Néanmoins, force est de constater que, précisément parce qu’elle est absurde, cette violence policière est d’autant plus dangereuse: elle ne repose sur aucune logique, elle ne connaît aucune limite et n’a besoin d’aucune justification. Implicitement, Collen souligne ainsi l’absurdité de l’Appareil Étatique maintenu par les Appareils de répression, envers et contre toute logique.

166 Sophie Duval, Marc Martinez, La Satire, Paris: Armand Colin, 2000, p. 48.

84

Si la violence policière est sanctionnée de ridicule par l’auteur (soulignons que le ridicule est aussi une manifestation de la violence car il se fait « l’écho des craintes »167 du pouvoir en place), le peuple sanctionne à son tour la violence de la police par la révolte.

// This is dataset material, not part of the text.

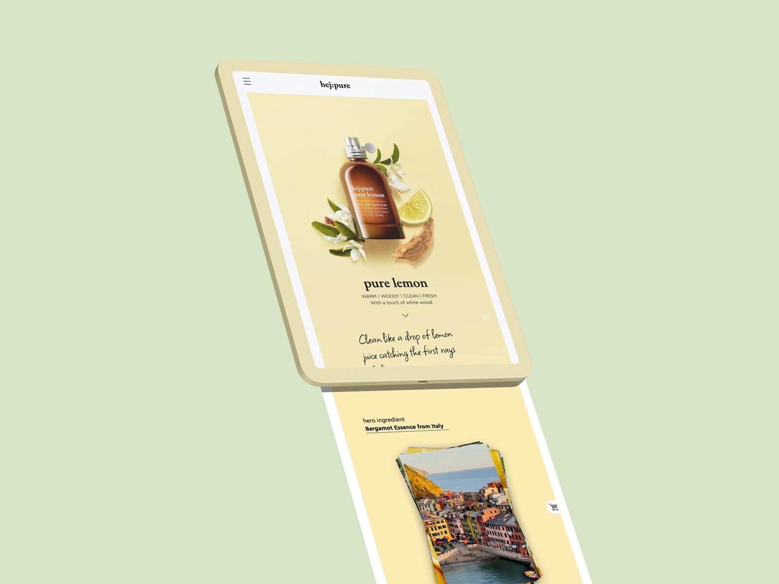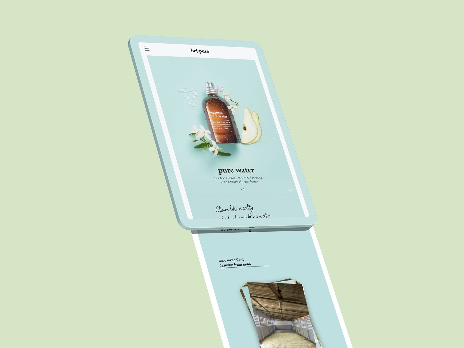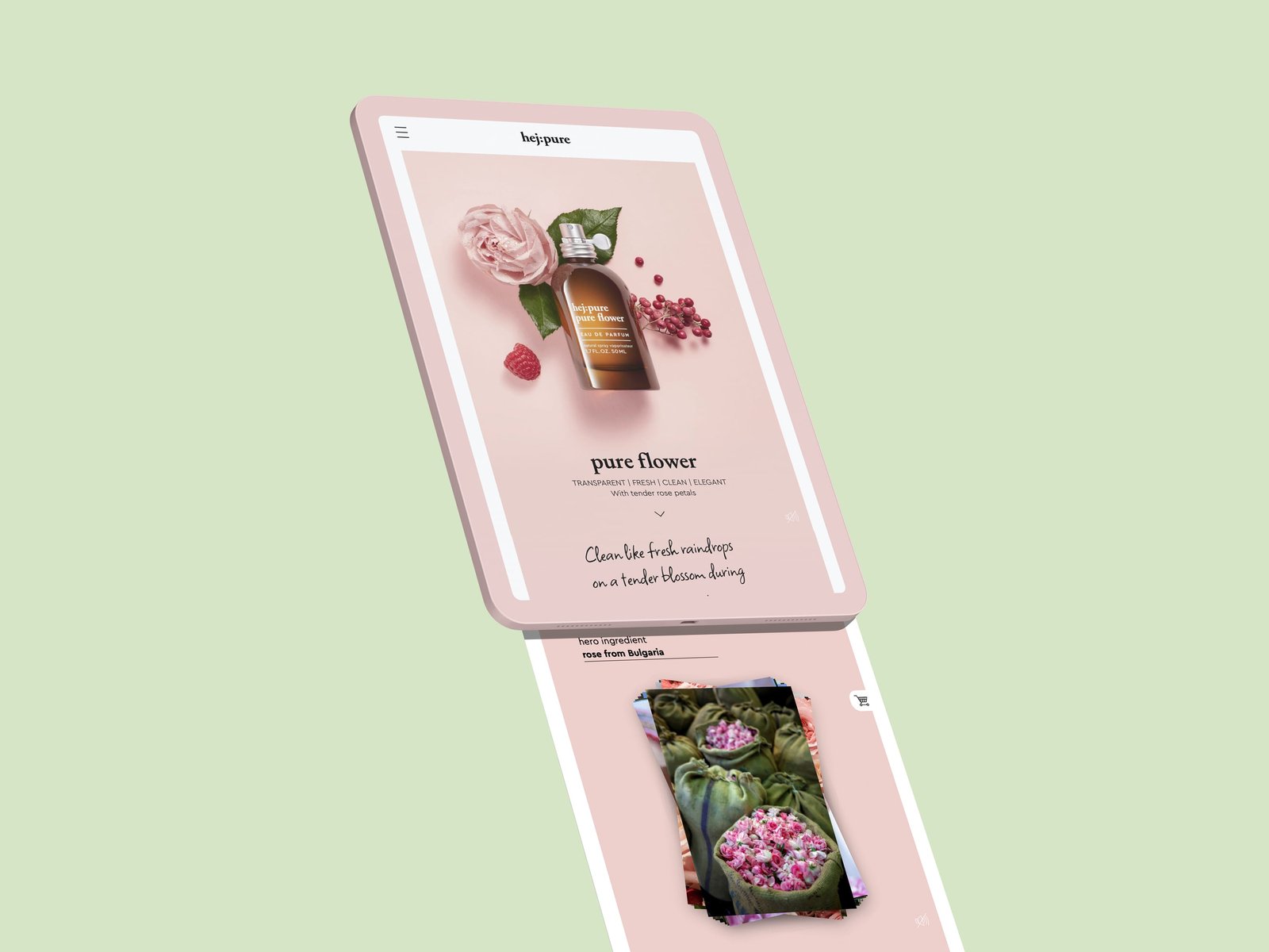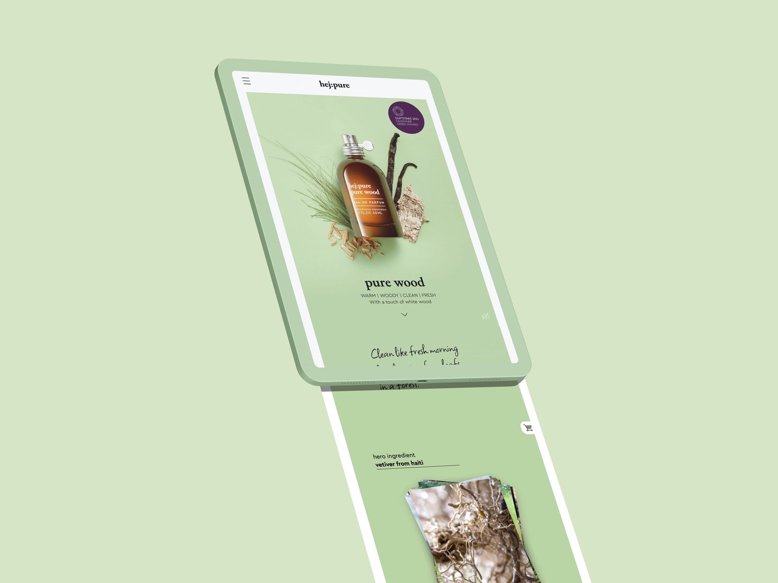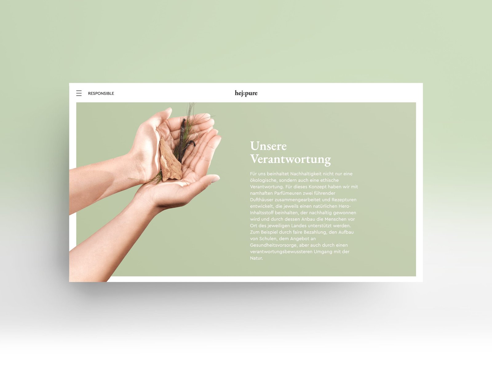 hej:pure – „CLEAN BEAUTY“ steht für Duftkreationen, die ohne bestimmte, kontrovers diskutierte Inhaltsstoffe produziert werden. Nachhaltigkeit konsequent umgesetzt, von der Faltschachtel bis hin zum Duft – pur und klar und deutlich. So haben wir auch die Website der neuen Brand umgesetzt.

Les exemples les plus parlants viennent du roman Mutiny où les prisonnières ruminent leur révolution contre cette police qui les entoure et les humilie au quotidien: « We hate these women that guard us and guard the gates and guard the whole edifice » (M 3). La répétition du mot « guard » souligne bien la fonction de garant de l’ordre que remplit l’Appareil répressif policier. En tout état de cause, il a pour résultat de susciter l’envie de vengeance et de révolution. Nous retrouvons là la théorie fanonienne ayant trait à la haine de l’ancien colonisé pour l’ancien colonisateur représenté par l’État bourgeois. La révolte est le cri légitime découlant de l’oppression et cette atmosphère de conflit latent a pour résultat d’oppresser les forces au pouvoir. Ainsi, tout comme la police réprime, elle est à son tour brimée par le peuple, brimée par la peur: « They are trapped in here now, imprisoned » (M 318), « They huddle. Like the wasps. Their time is up » (M 318). Dans The Malaria Man and her Neighbours, il s’agit pour la police de se fondre dans la foule qui gronde, de se faire discrète afin de ne pas subir les foudres de la révolte.

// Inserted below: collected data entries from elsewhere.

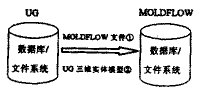 兩獨立系統間直接交換需開發雙向接口。每一方向的直接交換又可有兩種實現形式。下面討論從CAD到CAE方向的兩種形式,它們對并行設計信息共享效果不一樣。以基于UG和MOLDFLOW的注塑模并行設計為例,UG系統內有與MOLDFLOW的專用接口,假設MOLDFLOW也具有直接接受UG實體模型的專用接口。兩種形式如圖1。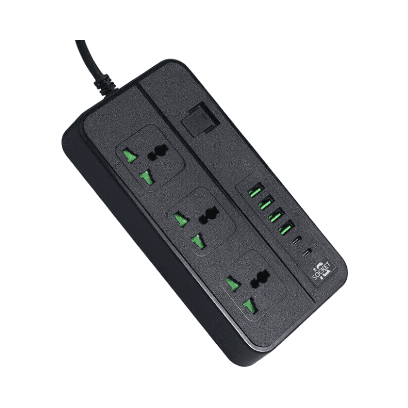 Multipresa a 3 posti con interruttore e porte di ricarica integrate — 4×USB e 2×Type‑C, potenza massima 3000W per l’alimentazione simultanea dei dispositivi.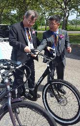 由台美企業技術合作生產的2輛電動腳踏車昨日也展示在電站的會場,由於這輛電動腳踏車輕巧且容易操作,成為昨日最受參觀者試騎的產品。(圖:羊展恬攝)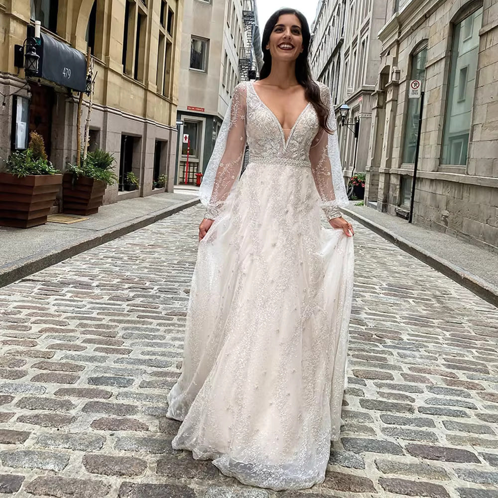 Elegant Shiny Long Sleeve Wedding Dress V-Neck Crystal Beading Appliques Bridal Gown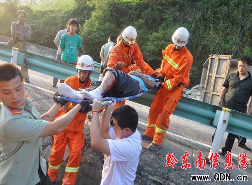 7月25日凌晨5時53分岑鞏消防中隊接到報警稱:玉凱高速岑鞏至三穗段12公里處,一輛裝滿水泥的大貨車發(fā)生側(cè)翻,一名男子被困在駕駛室內(nèi),受傷嚴重,一直不停流血,生命垂危,而且貨車油箱正在漏油,隨時有燃燒可能,情況緊急,請求救援。險情就是命令,接警后,彭天禮大隊長立即帶領(lǐng)中隊8名官兵出動一輛搶險救援車和一輛水罐消防車趕赴事故現(xiàn)場進行救援。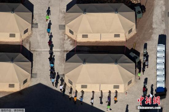 当地时间2018年6月19日,美国得克萨斯州厄尔巴索,移民儿童被安置在美墨边境新建的帐篷内。在特朗普政府对移民实施的“零容忍”政策下,六周内有近2000名儿童在美国南部边境与父母或监护人被拆散。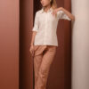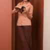 The wrap is shaped with a clean, structured form and features a smocked back for comfort and adaptability, fastening at the side with natural wooden buttons. The inner shirt includes its own button closure, keeping the look minimal yet functional. Worn together, the layers create a refined, sculpted appearance; worn apart, they offer endless styling possibilities.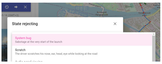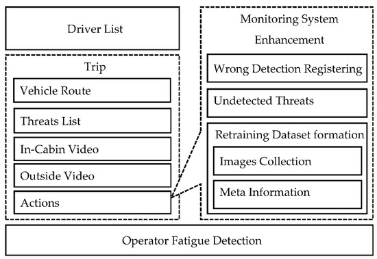 Trip process presents the following information to the operator: vehicle route, threats list detected by the driver monitoring system, in-cabin and outside videos related to each threat, and the possibility to mark each threat as wrong or correct, as well as to mark videos applicable for retraining dataset formation. Vehicle route is a graphical visualization on the map of the GPS/GLONASS data (telemetry) acquired from the vehicle in a map. Vehicle route is a convenient representation of the threats detected by the driver monitoring system. We propose to show each identified threat on the route. Therefore, in this case, the operator easily understands where the threat has been detected. Moreover, we propose to supplement each threat with in-cabin and outside videos, to help the operator to understand the situation when the threat was registered. In-cabin and outside videos are 20-s videos that include the situation when the threat was registered. Together with the vehicle route information the operator has the possibility to analyze the in-cabin as well as outside videos recorded during the whole trip (video registration). In the scope of the proposed reference model, we implemented the possibility for the operator to perform actions (mark every threat with labels) with detected threats.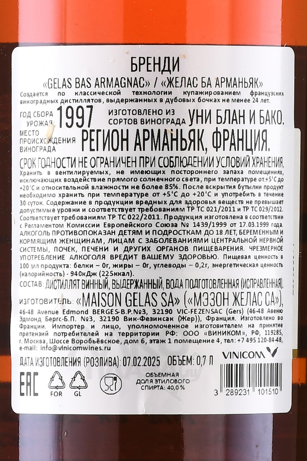 Gelas 1997 - арманьяк Желас 1997 года 0.7 л

Notre constat est donc que les Appareils Répressifs, fonctionnant à la violence obtiennent du peuple une réplique tout aussi violente de sorte que l’Appareil d’État, et spécifiquement l’Appareil d’État décolonisé qui repose sur une haine historique latente, semble pris dans un chassé-croisé de répression et de violence déployées de part et d’autre.